The feeds 存儲在本地文件系統中.

  • URI scheme: file
  • Example URI: file:///tmp/export.csv
  • Required external libraries: none

注意僅對於本地文件系統存儲來說你可以忽略 schema,使用像這樣的絕對路徑 /tmp/export.csv. 這僅適用於 Unix systems.

FTP

The feeds are stored in a FTP server.

  • URI scheme: ftp
  • Example URI: ftp://user:[email protected]/path/to/export.csv
  • Required external libraries: none

S3

The feeds are stored on Amazon S3.

  • URI scheme: s3
  • Example URIs:
    • s3://mybucket/path/to/export.csv
    • s3://aws_key:aws_secret@mybucket/path/to/export.csv
  • Required external libraries: botocore (Python 2 and Python 3) or boto (Python 2 only)

AWS 證書可以作爲 user/password 傳遞到 URI, 或者他們可以通過下列 settings 被傳遞:

標準輸出

The feeds are written to the standard output of the Scrapy process.

  • URI scheme: stdout
  • Example URI: stdout:
  • Required external libraries: none

Settings

These are the settings used for configuring the feed exports:

FEED_URI

Default: None

The URI of the export feed.

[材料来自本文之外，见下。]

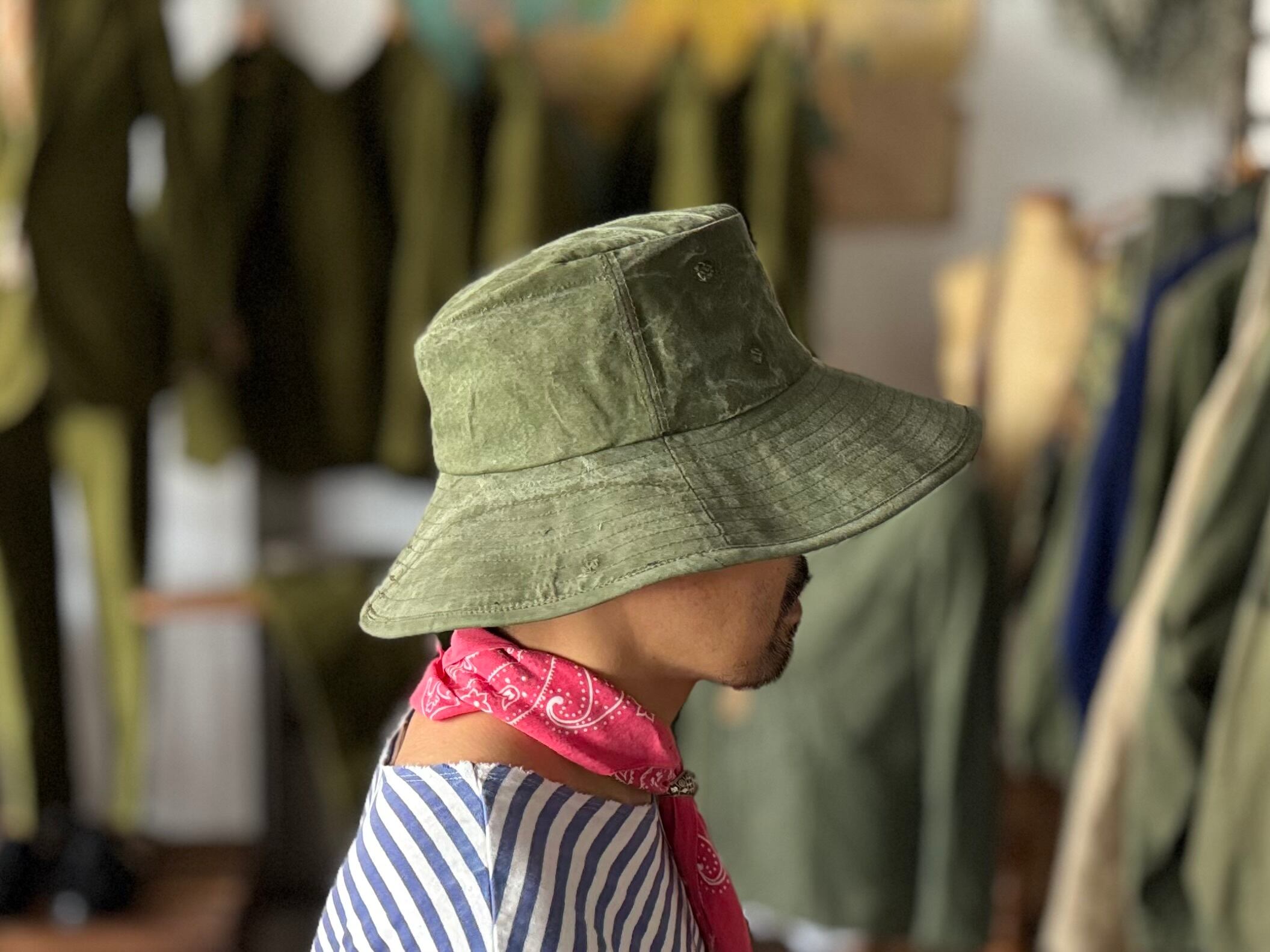 定番のバケットハットやサファリハットとは一線を画す、クラシックで落ち着いた印象のシルエットです。
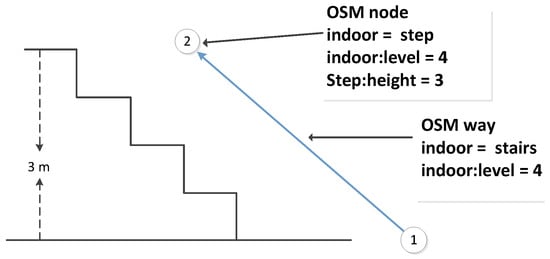 For the collection and management of building information, a data model is needed to describe indoor spaces for navigation applications. Typical data models for modeling indoor environments are the building information model (BIM) and the City Geographic Markup Language (CityGML). A representative example of BIM is the Industry Foundation Classes (IFC). CityGML is an Open Geospatial Consortium (OGC) standard. Both BIM and CityGML consist of a number of classes and contain highly detailed and semantic information on the built environments. Based on these models, some researchers have developed a variety of methods to generate graphs for navigation purpose [,]. However, these models carry too much architectural information such as structural and reinforcing information, which are mainly designed for visualization purposes and not essential for navigation. Along with the indoor mapping activities of the VGI communities, a set of indoor modeling and mapping proposals for OpenStreetMap has emerged. Based on 3D building modeling frameworks and ontologies, [] proposed IndoorOSM with the intention of mapping all relevant information for indoor routing. Although it has some deficiencies (e.g., directly using OSM IDs to describe the connections between floors) and is currently not embraced by the OSM community, some of its proposed tagging schemes can still be used for the mapping of indoor objects like rooms, windows and doors. Simple Indoor Tagging [] is also a tagging schema proposed for indoor mapping and mainly focuses on public buildings (e.g., train stations). Another indoor-related proposal is the Full 3D Buildings (F3DB) schema [], which is designed with concern for its compatibility with existing standards, such as CityGML and IFC. However, these tagging schemas lack consideration of detailed mapping of the connections between indoor elements (e.g., stairs), which would cause problems in deriving the actual geometric distance for indoor routing.
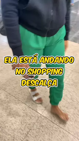 Ela está andando no shopping descalça
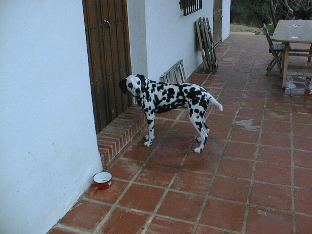 porch of Casa Rural -- he wants in because it is cold out. Of course
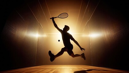 A racquetball player diving for a shot, silhouette, action photography, aesthetics,
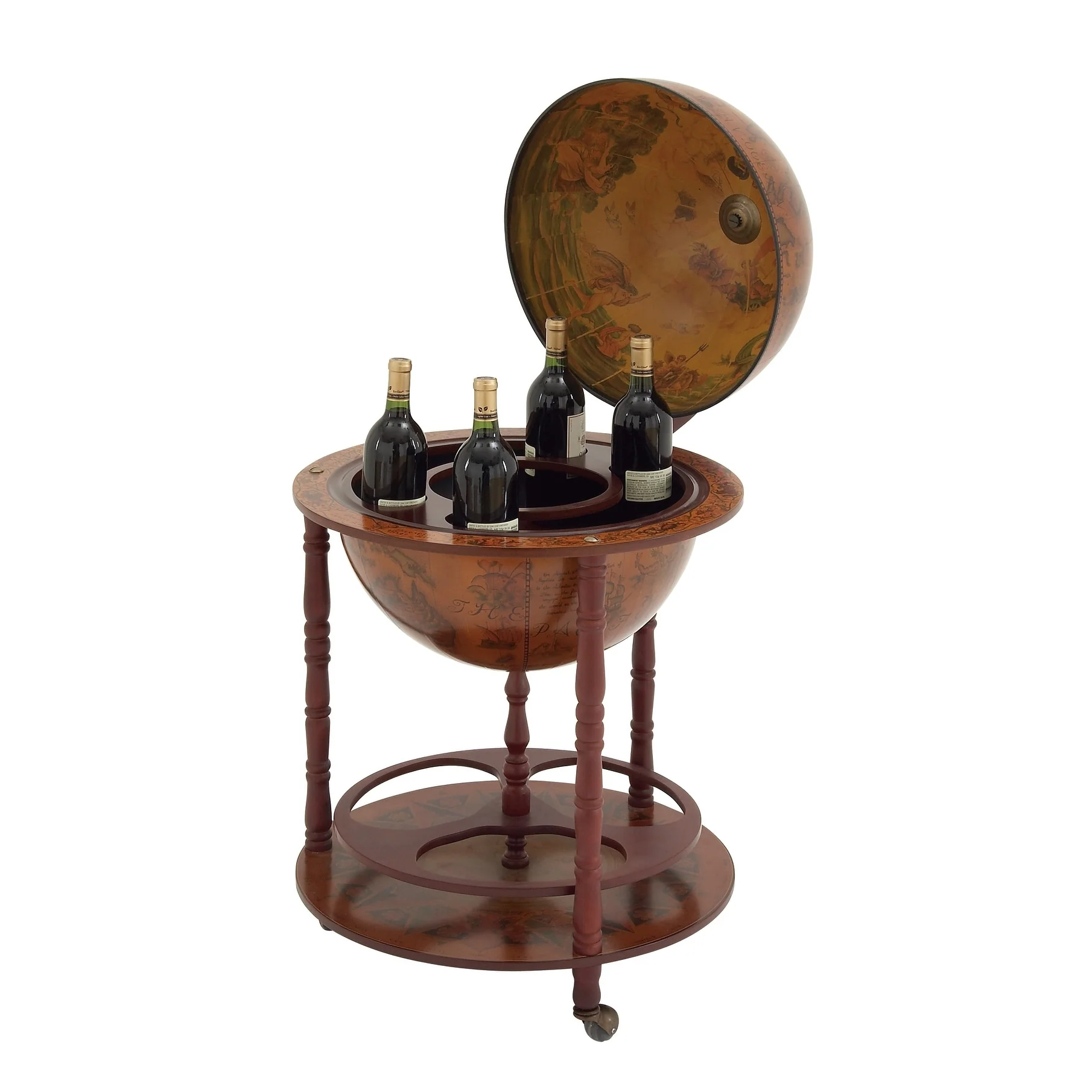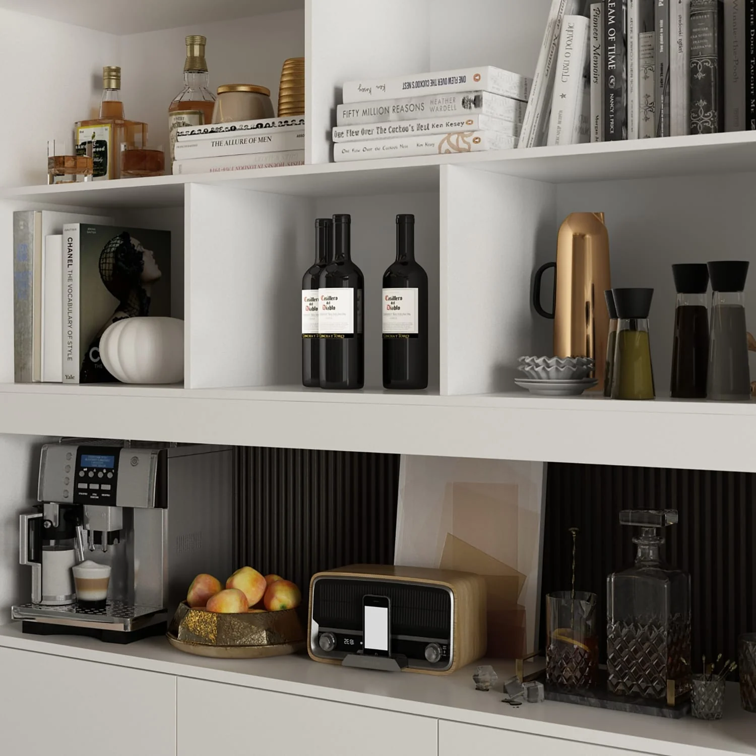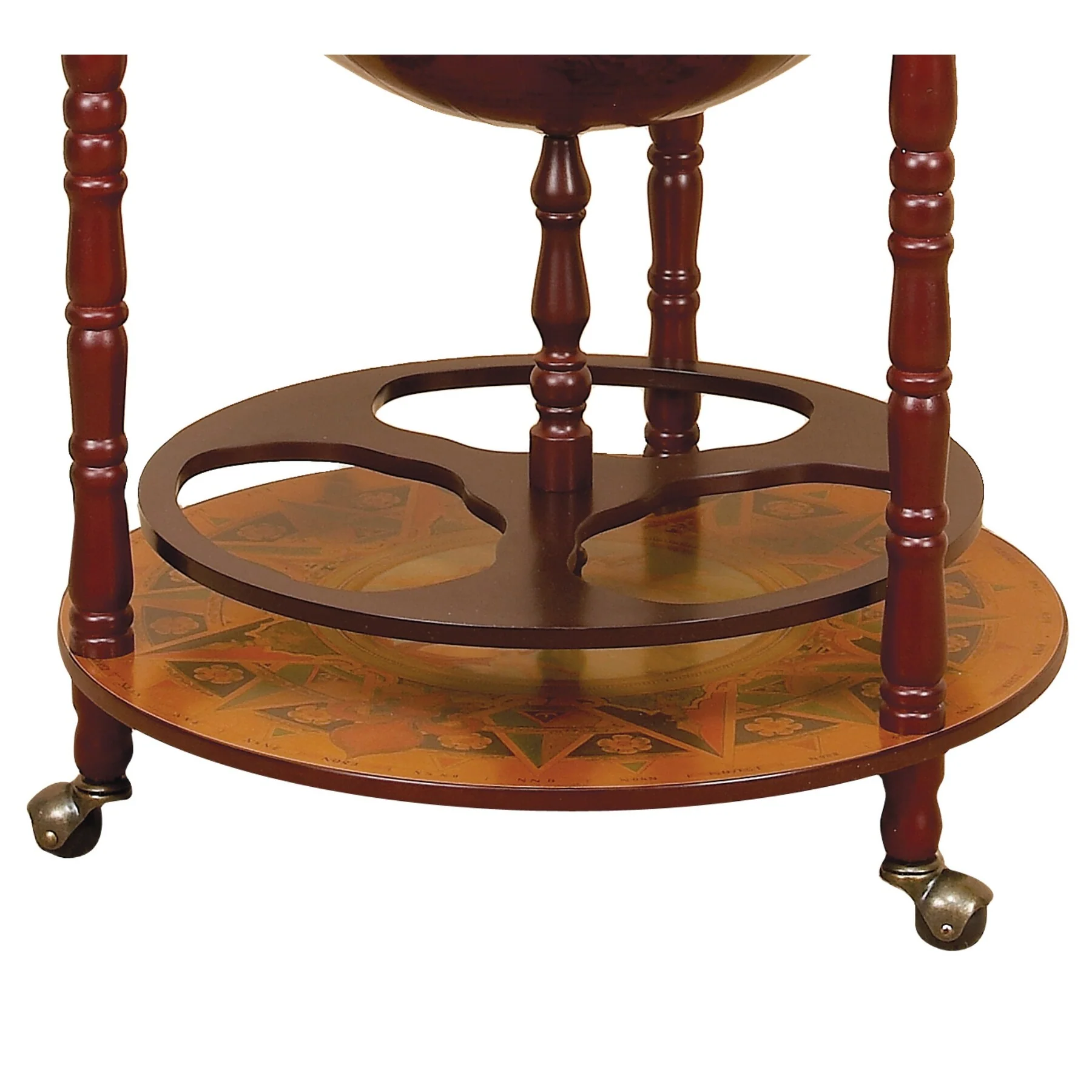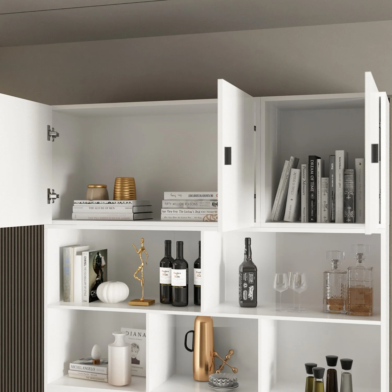 32" H white bar -coffee cart,living room cabinet storage with 4 wheels, with 6 bottle racks, a central shelf covered by 1 door

See Storage backends for supported URI schemes.

This setting is required for enabling the feed exports.

FEED_FORMAT

The serialization format to be used for the feed. See Serialization formats for possible values.

FEED_EXPORT_ENCODING

Default: None

The encoding to be used for the feed.

如果不設置或者設置爲 None (默認) 對除了 JSON輸出外的所有輸出會使用 UTF-8, which uses safe numeric encoding (\uXXXX sequences) for historic reasons.

Use utf-8 if you want UTF-8 for JSON too.

FEED_EXPORT_FIELDS

Default: None

要輸出的一個 fields 列表, optional. Example: FEED_EXPORT_FIELDS = ["foo", "bar", "baz"].

使用 FEED_EXPORT_FIELDS 選項來定義要輸出的 fields 和其輸出順序.

當 FEED_EXPORT_FIELDS 是空的或 None (默認) 時, Scrapy 使用字典定義的 fields 或爬蟲 yield 的 Item 子類.

如果一個 exporter 需要一個固定的 fields 集合 (this is the case for CSV export format) and FEED_EXPORT_FIELDS is empty or None, 那麼 Scrapy 會嘗試通過 exported 數據獲得 field 名字 - 目前它使用第一個 item 的 field 名字.

FEED_EXPORT_INDENT

Default: 0

每個 level 用來 indent 輸出所需的 spaces. 如果 FEED_EXPORT_INDENT 是一個非負的整數, 那麼數組元素和對象成員會使用這個 indent level 來被 pretty-printed. 如果 indent level 是 0 (默認), 或負數, 會讓每個 item 佔據一個新的行. None 選取的是最 compact representation.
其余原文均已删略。